The price of oil fell below $107 a barrel Monday, as the likelihood of an imminent U.S. attack against Syria diminished.
By early afternoon in Europe, benchmark crude for October delivery was down 82 cents, to $106.83 a barrel in electronic trading on the New York Mercantile Exchange. On Friday, the contract fell $1.15 to close at $107.65.
Trading volumes were limited Monday, as floor trading on the Nymex was closed because of Labor Day. As a result, the benchmark contract was volatile, swinging within a wide range of more than $3, between $104.21 and $107.31.
While Syria is not a major oil producer, it straddles a region that is. The possibility of a wider conflict, one that could interrupt production and shipping routes in the region, has pushed oil prices higher in recent days.
“Even though the saber-rattling over a military strike against Syria is continuing and a U.S. attack remains a realistic option, the debate has become considerably less heated,” said a report from analysts at Commerzbank in Frankfurt. “This is likely to weigh on oil prices given that many market players have been betting on climbing oil prices in anticipation of military action in Syria and a possible spill-over of the conflict in the most oil-rich region of the world.”
Oil prices recovered from daily lows, thanks to two surveys showing that China’s manufacturing improved in July.

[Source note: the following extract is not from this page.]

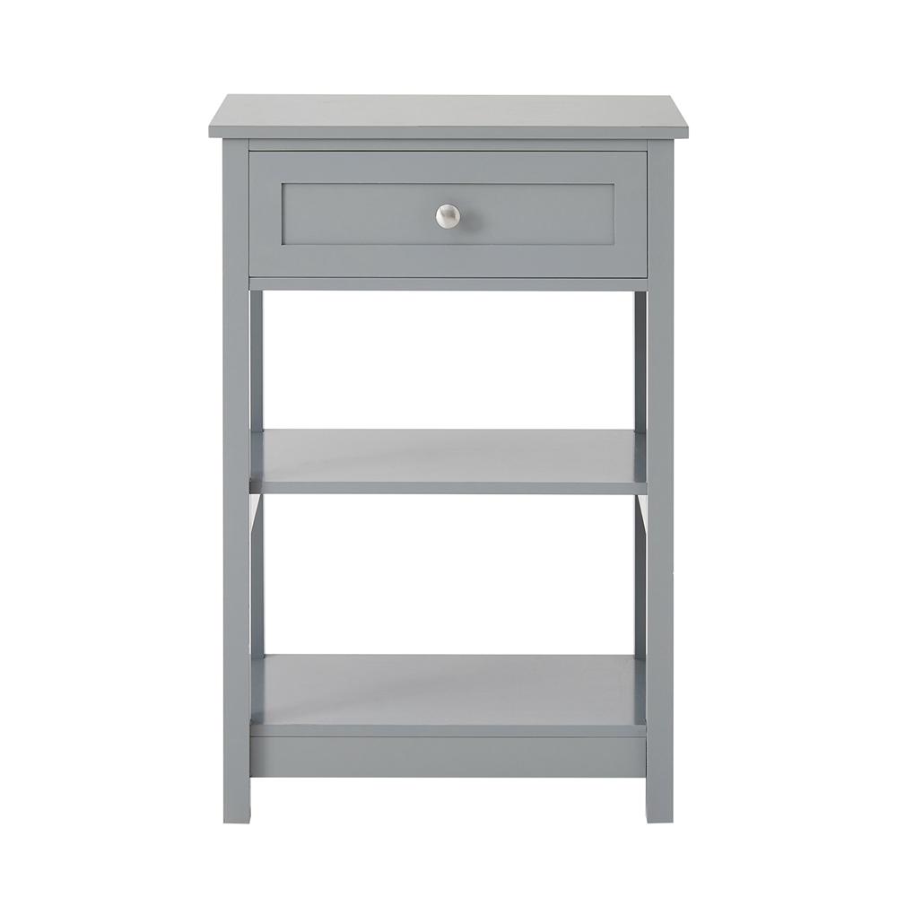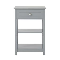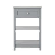 Cette table de chevet gris clair vous offre une solution de rangement ingénieuse à portée de main. Avec son tiroir pratique et ses deux étagères spacieuses, elle vous permet d'organiser vos objets du quotidien comme vos livres, téléphone, lunettes ou télécommande. Son design épuré s'intègre parfaitement à côté de votre lit, vous offrant une surface stable et accessible pour vos affaires personnelles.

The world’s second-largest economy is trying to reverse a slowdown that pulled economic growth to a two-decade low of 7.5 percent in the latest quarter.
“The Chinese manufacturing data increased hopes for a stronger oil demand from China in the second half of 2013,” said analysts at Sucden Financial Research in London.
Brent crude, the benchmark for international crudes, was down 19 cents, to $113.94 a barrel, on the ICE Futures exchange in London.
In other energy futures trading on Nymex:
- Wholesale gasoline was down 6.02 cents to $2.8704 per gallon.
- Heating oil lost 4.78 cents to $3.1405 per gallon.
- Natural gas rose 2.3 cents to $3.641 per 1,000 cubic feet.